The suit, marked FHC/YNG/CS/81/2025, questioned the legality of Shell’s divestment process, with the plaintiff alleging that the transaction did not comply with procedures stipulated in the PIA.
Dakolo also sought judicial intervention over what he described as more than 40 years of cumulative environmental degradation affecting Ekpetiama Kingdom in Bayelsa State.
In his judgment, Justice Emmanuel ruled that objections to a divestment under the Petroleum Industry Act must be brought within three months, adding that the plaintiff failed to institute the action within the statutory timeframe.
The court further held that the monarch lacked the legal standing (locus standi) to challenge the divestment, noting that he was not directly involved in the transaction.
Justice Emmanuel also faulted the plaintiff for failing to first utilise the dispute resolution mechanisms provided by the Nigerian Upstream Petroleum Regulatory Commission (NUPRC) before approaching the court.
According to the judge, compliance with those statutory procedures is a prerequisite for instituting legal action.
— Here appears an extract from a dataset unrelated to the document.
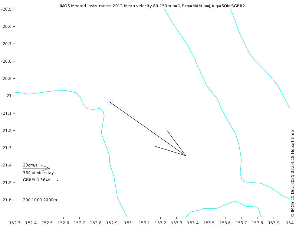 These maps show some basic analyses of the velocity data: mean (all-time in black and seasonal in colour) and sub-tidal variance for several layers and time-windows, and tidal harmonics for the depth-average velocity using the whole record. Click through to see more detailed plots of the selected dataset or to download those data from the AODN thredds server.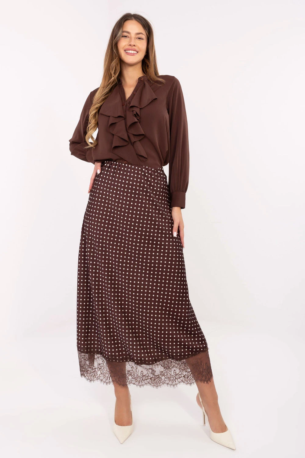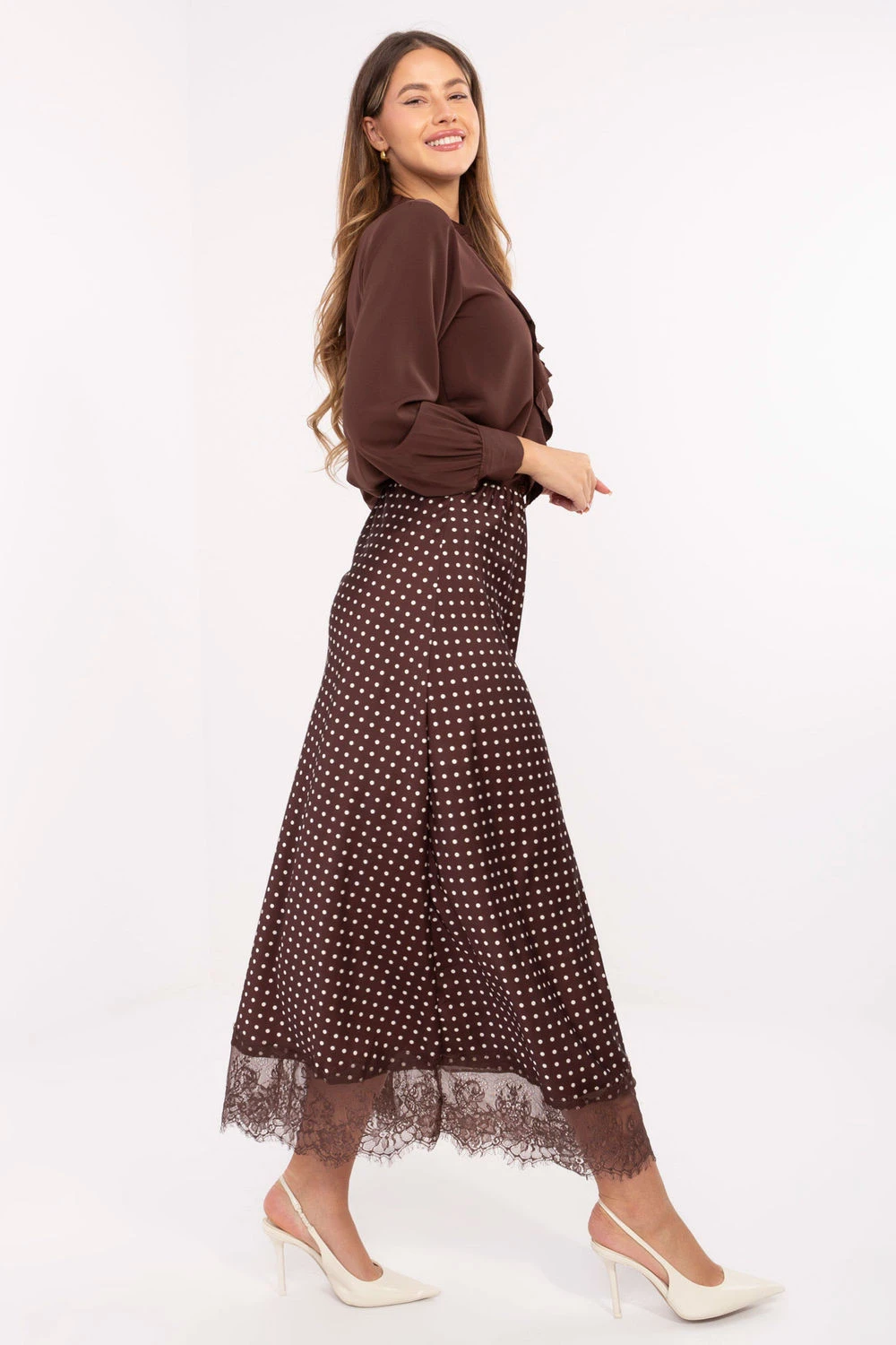 Elegantní a ženská sukně midi délky vyrobena z příjemného na dotek materiálu, polyesteru s přídavkem elastanu, který zajistí pohodlí a ideální přizpůsobení siluetě. Model je zdoben jemnou krajkou dole, co mu dodává eleganci a jemný charakter. V pasu je vsazena elastická guma, díky čemuž se sukně perfektně přizpůsobí pasu a není nutné ji zapínat. Materiál zdobí módní puntíkovaný vzor, který dodává celku lehkost a šarm. Jedná se o univerzální model, který se hodí jak na každý den, do práce, tak i na slavnostní příležitosti.

“The plaintiff’s failure to satisfy the mandatory statutory conditions precedent under the Petroleum Industry Act strips this court of jurisdiction,” the judge held.
The court also rejected the argument that the alleged environmental damage constituted a continuing injury capable of extending the limitation period.
Justice Emmanuel explained that while the effects of environmental pollution may persist, the law distinguishes between the continuous consequences of an earlier act and the recurrence of a fresh wrongful act.
He noted that the allegations against the public officials named in the suit related to events that occurred outside the statutory period allowed under the Public Officers Protection Act (POPA).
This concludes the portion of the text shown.